## PROBLEM DESCRIPTION:
Exactly the lines from the first line of the records to the line holding "20年の臨床経験から導く 和漢ヒーリング出張診断 不調を根本から整える体質改善に!" should be duplicated, and nothing more; pictures stay out.

## DATA PROVIDED:

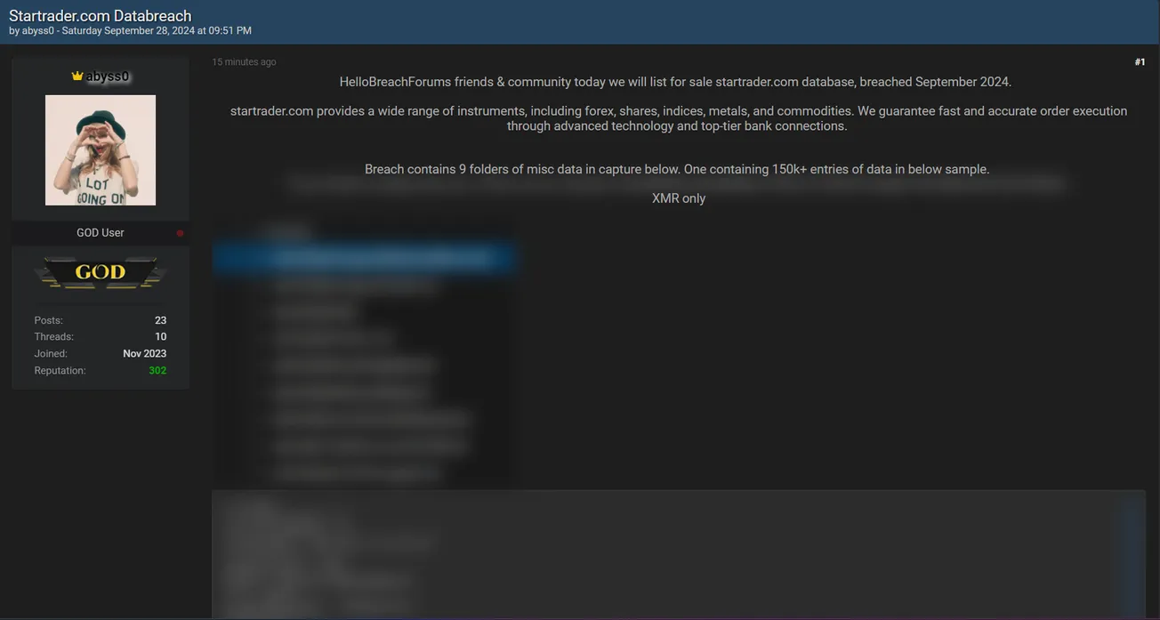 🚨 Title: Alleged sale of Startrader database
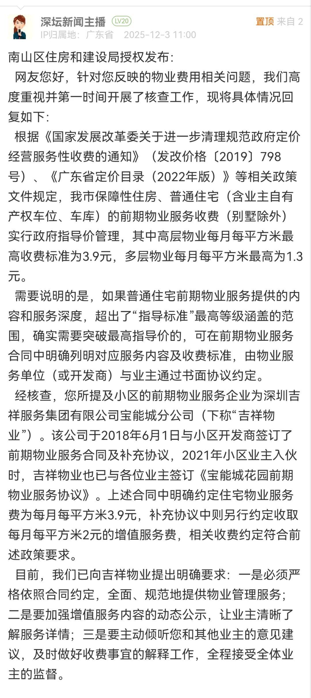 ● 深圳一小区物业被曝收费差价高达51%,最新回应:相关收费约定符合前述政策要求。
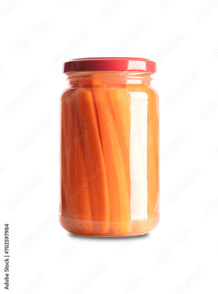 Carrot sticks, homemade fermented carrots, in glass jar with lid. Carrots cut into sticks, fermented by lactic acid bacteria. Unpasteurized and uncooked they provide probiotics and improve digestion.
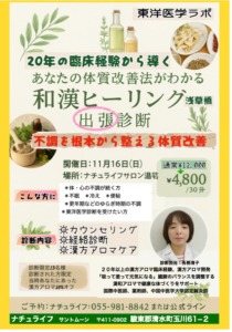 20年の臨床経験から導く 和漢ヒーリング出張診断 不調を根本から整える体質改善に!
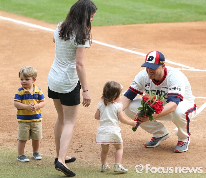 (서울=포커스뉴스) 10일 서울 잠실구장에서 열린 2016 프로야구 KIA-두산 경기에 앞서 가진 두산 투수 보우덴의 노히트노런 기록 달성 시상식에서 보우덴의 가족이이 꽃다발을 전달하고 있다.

## EXPECTED ANSWER:
 🚨 Title: Alleged sale of Startrader database
 ● 深圳一小区物业被曝收费差价高达51%,最新回应:相关收费约定符合前述政策要求。
 Carrot sticks, homemade fermented carrots, in glass jar with lid. Carrots cut into sticks, fermented by lactic acid bacteria. Unpasteurized and uncooked they provide probiotics and improve digestion.
 20年の臨床経験から導く 和漢ヒーリング出張診断 不調を根本から整える体質改善に!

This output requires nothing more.